To use spaCy, we first need to install the library.

In [None]:
!pip install -U spacy

## Import Libraries

Then we're going to import `spacy` and `displacy`, a special spaCy module for visualization.

In [1]:
import spacy
from spacy import displacy

We're also going to import the `Counter` module for counting people, places, and things later on; the `pandas` library for organizing and displaying data (we're also changing the pandas default max row and column width display setting).

In [2]:
from collections import Counter

In [3]:
import pandas as pd
pd.set_option("max_rows", 400)
pd.set_option("max_colwidth", 400)

## Download Language Model

Next we need to download the English-language model (`en_core_web_sm`), which will be processing and making predictions about our texts. This is the model that was trained on the annotated "OntoNotes" corpus. You can download the `en_core_web_sm` model by running the cell below:

In [None]:
!python -m spacy download en_core_web_sm

*Note: spaCy offers [models for other languages](https://spacy.io/usage/models#languages) including German, French, Spanish, Portuguese, Italian, Dutch, Greek, Norwegian, and Lithuanian. Languages such as Russian, Ukrainian, Thai, Chinese, Japanese, Korean and Vietnamese don't currently have their own NLP models. However, spaCy offers language and tokenization support for many of these language with external dependencies — such as [PyviKonlpy](https://github.com/konlpy/konlpy) for Korean or [Jieba](https://github.com/fxsjy/jieba) for Chinese.*

## Load Language Model

Once the model is downloaded, we need to load it with `spacy.load()` and assign it to the variable `nlp`.

In [4]:
nlp = spacy.load('en_core_web_sm')

## Create a Processed spaCy Document

In [None]:
filepath = "../texts/history/NYT-Obituaries/1852-Ada-Lovelace.txt"
text = open(filepath, encoding='utf-8').read()
document = nlp(text)

## Get Named Entities

|Type Label|Description|
|--- |--- |
|PERSON|People, including fictional.|
|NORP|Nationalities or religious or political groups.|
|FAC|Buildings, airports, highways, bridges, etc.|
|ORG|Companies, agencies, institutions, etc.|
|GPE|Countries, cities, states.|
|LOC|Non-GPE locations, mountain ranges, bodies of water.|
|PRODUCT|Objects, vehicles, foods, etc. (Not services.)|
|EVENT|Named hurricanes, battles, wars, sports events, etc.|
|WORK_OF_ART|Titles of books, songs, etc.|
|LAW|Named documents made into laws.|
|LANGUAGE|Any named language.|
|DATE|Absolute or relative dates or periods.|
|TIME|Times smaller than a day.|
|PERCENT|Percentage, including ”%“.|
|MONEY|Monetary values, including unit.|
|QUANTITY|Measurements, as of weight or distance.|
|ORDINAL|“first”, “second”, etc.|
|CARDINAL|Numerals that do not fall under another type.|


All the named entities in our `document` can be found in the `document.ents` property. We can access the entity labels by iterating through the `document.ents` with a simple `for` loop and pulling out the `.label_` attribute.

In [None]:
for named_entity in document.ents:
    print(named_entity, named_entity.label_)

## Get People

|Type Label|Description|
|--- |--- |
|PERSON|People, including fictional.|

In [None]:
people = [named_entity.text for named_entity in document.ents if named_entity.label_ == "PERSON"]
people_tally = Counter(people)
df = pd.DataFrame(people_tally.most_common(), columns=['character', 'count'])
df

## Process Long Documents (or Many Documents)
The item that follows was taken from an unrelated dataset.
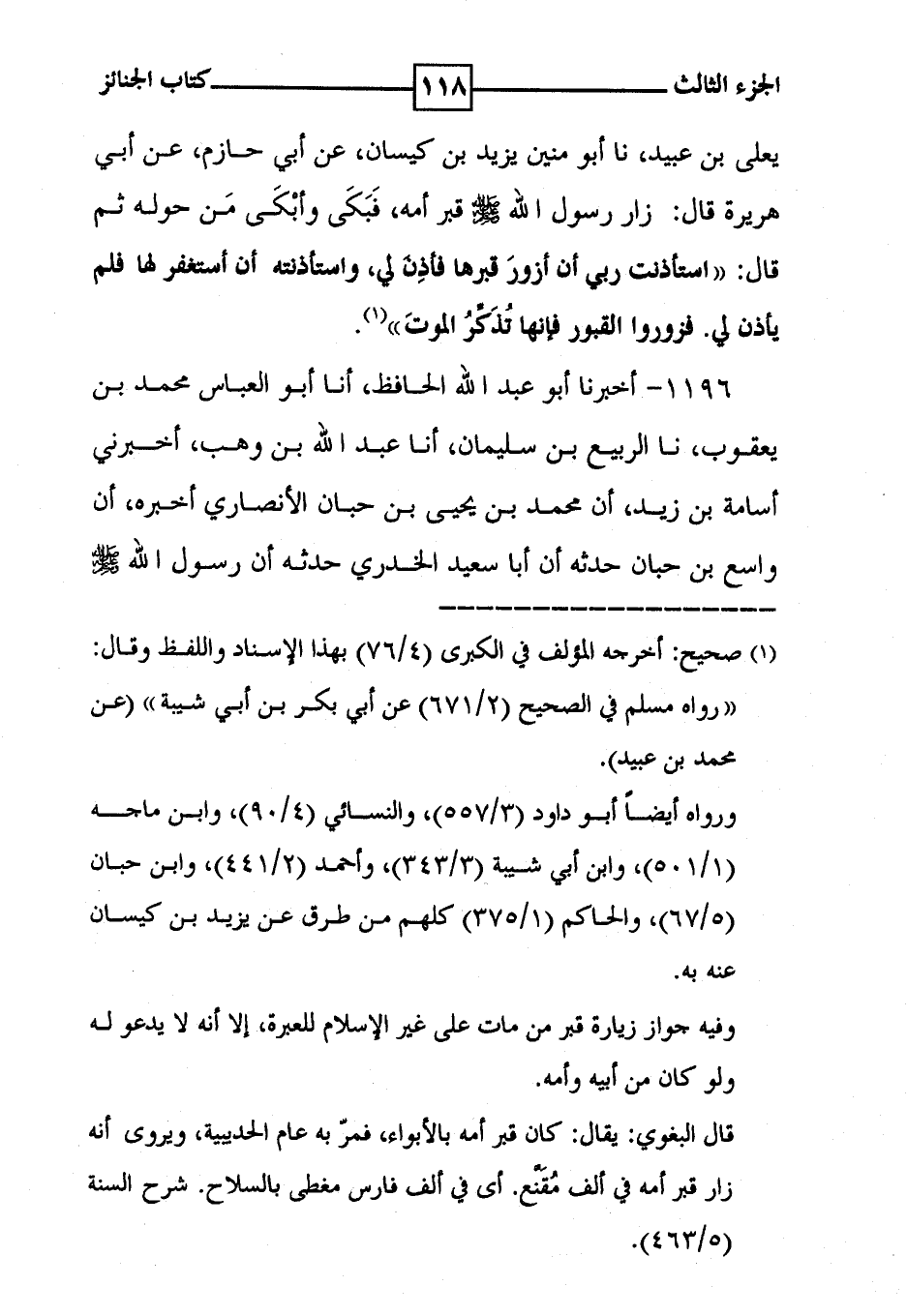 يعلى بن عبيد ، نا أبو منين يزيد بن كيسان ، عن أبي حازم ، عن أبي هريرة قال : زار رسول الله [ صلى الله عليه وسلم ] قبر أمه ، فَبَكَى وأَبْكَى مَن حوله ثم قال : ' استأذنت ربي أن أزور قبرها فأذِن لي ، واستأذنته أن استغفر لها فلم يأذن لي . فزوروا القبور فإنها تُذَكَّرُ الموت ' ( 1 ) .

Rather than creating a single processed `document` with `nlp()`, we're going to create a bunch of smaller spaCy `documents` with `nlp.pipe()`. The [`nlp.pipe()`](https://spacy.io/usage/processing-pipelines#processing) method is faster and more efficient when we're processing many documents.

In [None]:
filepath = "../texts/literature/Little-Women.txt"
text = open(filepath, encoding="utf-8").read()

#Split text on line breaks 
chunked_text = text.split('\n')
#Process each chunk of text and return a list of processed documents
chunked_documents = list(nlp.pipe(chunked_text))

We `open()` and `.read()` our text file, then `.split()` the text on every line break `\n` and process each chunk of the text as its own document, returning a list of `chunked_documents`.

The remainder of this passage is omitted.